The anti-reform advocates are attempting to sell us a dystopic future where suffering and poverty flourish while a few proudly cling to the chant of self-reliance and government by the wealthy and for the wealthy.

But we can choose a different future. We don’t have to pander to the fear mongers and demagogues. President Obama said as much in his speech on health care reform,

We did not come to fear the future. We came here to shape it. I still believe we can act even when it’s hard….

That large-heartedness — that concern and regard for the plight of others — … is part of the American character.

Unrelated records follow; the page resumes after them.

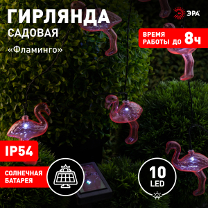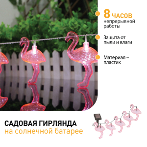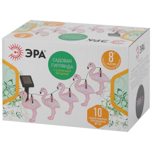 Описание: Уличная гирлянда ERADG012-07 "Фламинго" станет необычным украшением вашей дачной территории. Удобная конструкция и простая сборка позволят Вам расположить подсветку для сада среди растений, необычно подсветить аллею, вход в дом, фасад здания или окно. Гирлянда состоит из 10 пластиковых фигурок высотой 10 см. Гирлянда садовая уличная функционирует на солнечной батарее. Данный способ получения энергии является наиболее экологичным и энергоемким. Питание происходит во включенном режиме. С наступлением темноты фламинго загораются. Фигурки заливаются спокойным розовым светом и освещают территорию или объект вокруг себя, создавая романтическую атмосферу. Подсветка улицы может длиться непрерывно в течение 8 часов. 2 режима позволят настроить освещение в соответствии с индивидуальными предпочтениями. Высокая степень пыле и влагозащиты позволяет оставлять светильник на улице даже во время дождя. Обращаем Ваше внимание, что перед использованием фигурки её необходимо включить и зарядить. Светильник заряжается в течение всего светового дня. LED гирлянда на солнечной батарее от бренда ЭРА чудесный вариант для украшения Вашей территории!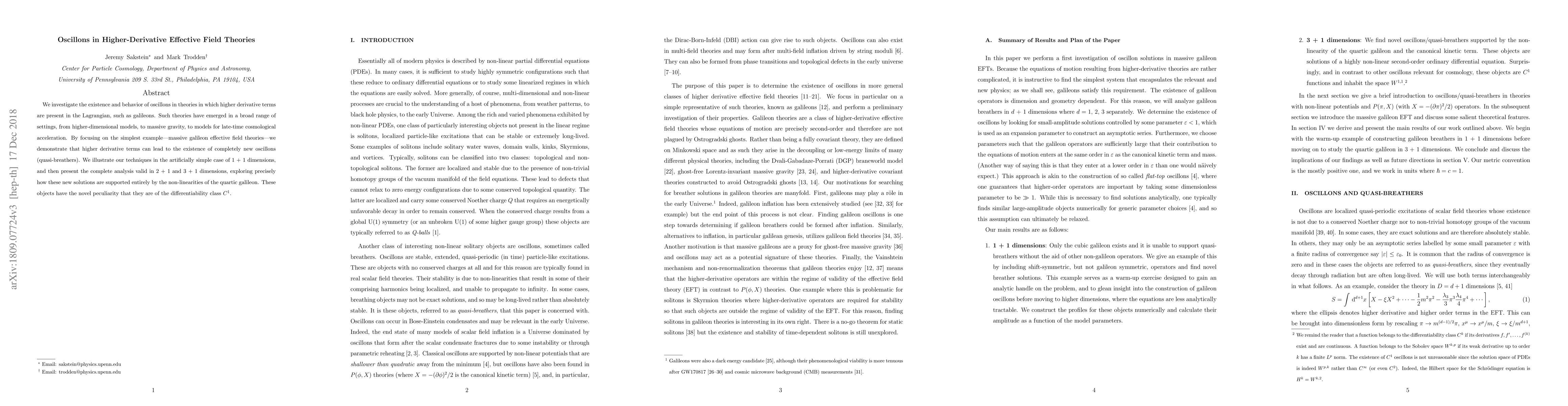 This paper explores the emergence of oscillons in higher-derivative effective field theories, specifically massive galileon models, demonstrating that these theories can support new quasi-breathers. The study reveals how non-linearities in quartic galileon terms sustain these $C^1$ differentiable oscillons across 1+1, 2+1, and 3+1 dimensions.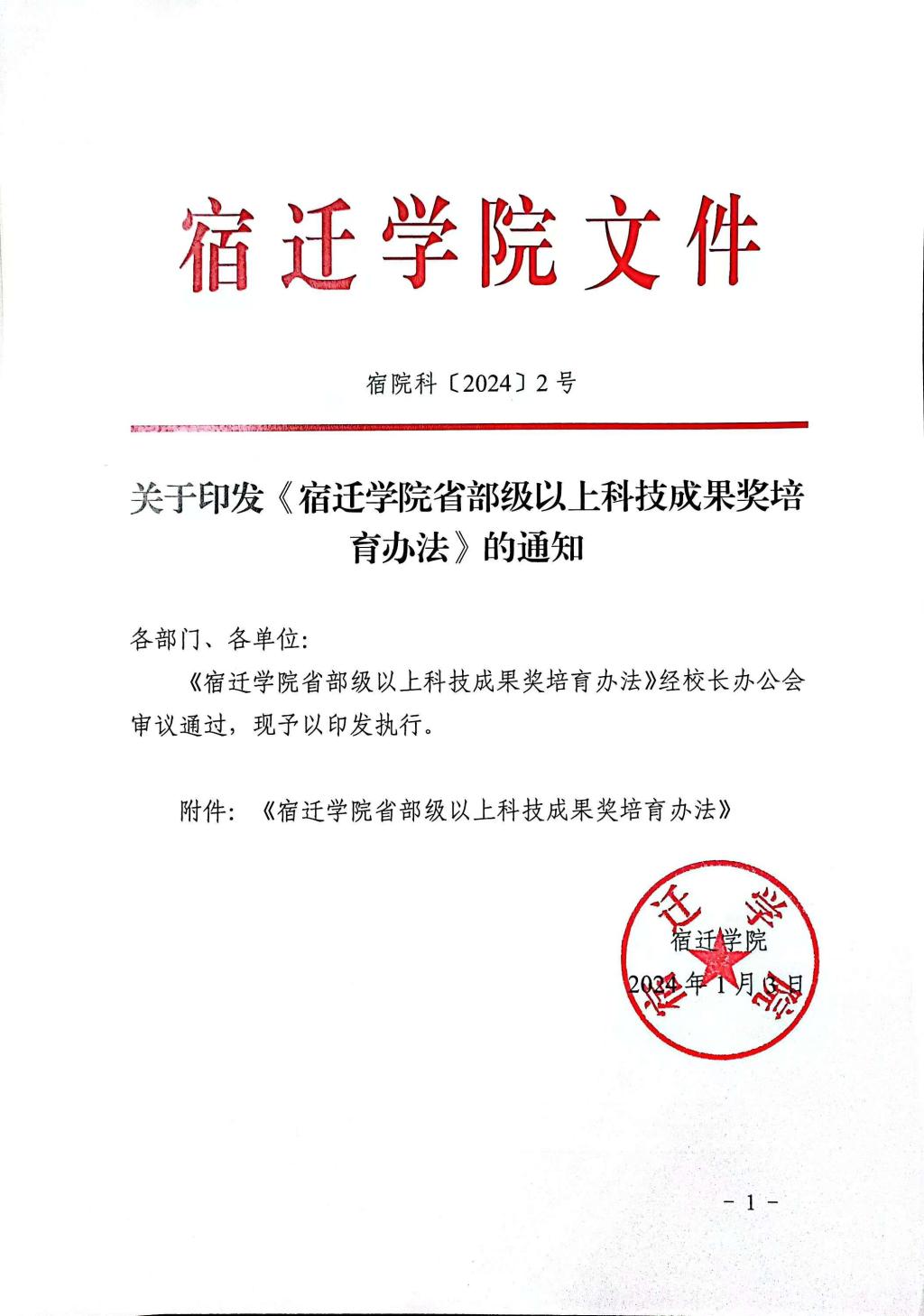 宿迁学院省部级以上科技成果奖培育办法(宿院科〔2024〕2号)

We all know how the story of Scrooge ends, how he, became as good a friend, as good a master, and as good a man, as the good old city knew, or any other good old city, town, or borough, in the good old world.

However, we don’t yet know how our story will end. Will we like Scrooge choose to open our hearts to the world? Or will we, as the Ghost of Christmas Future portends, choose a dystopic future where fewer and fewer people of means squabble and fight over fewer and fewer resources?

The anti-reform protestors aren’t just protesting health care reform; they are protesting the vision of our common future, our sense of community and care for one another, our interconnectedness. When they employ tactics of fear and misinformation, they feed the paranoia and xenophobia of our society that lies just beneath the surface that has produced the violence of racism, sexism, and even genocide.

This is not the first time that we who are on the threshold of change have been challenged to choose carefully. We must weigh the risks and rewards of our rugged and stubborn individualism with those of community, of walking into the future together. We read in the Torah, “This day I call heaven and earth as witnesses against you that I have set before you life and death, blessings and curses. Now choose life, so that you and your children may live.” (Deuteronomy 30:19)

The choice is ours. May we choose wisely.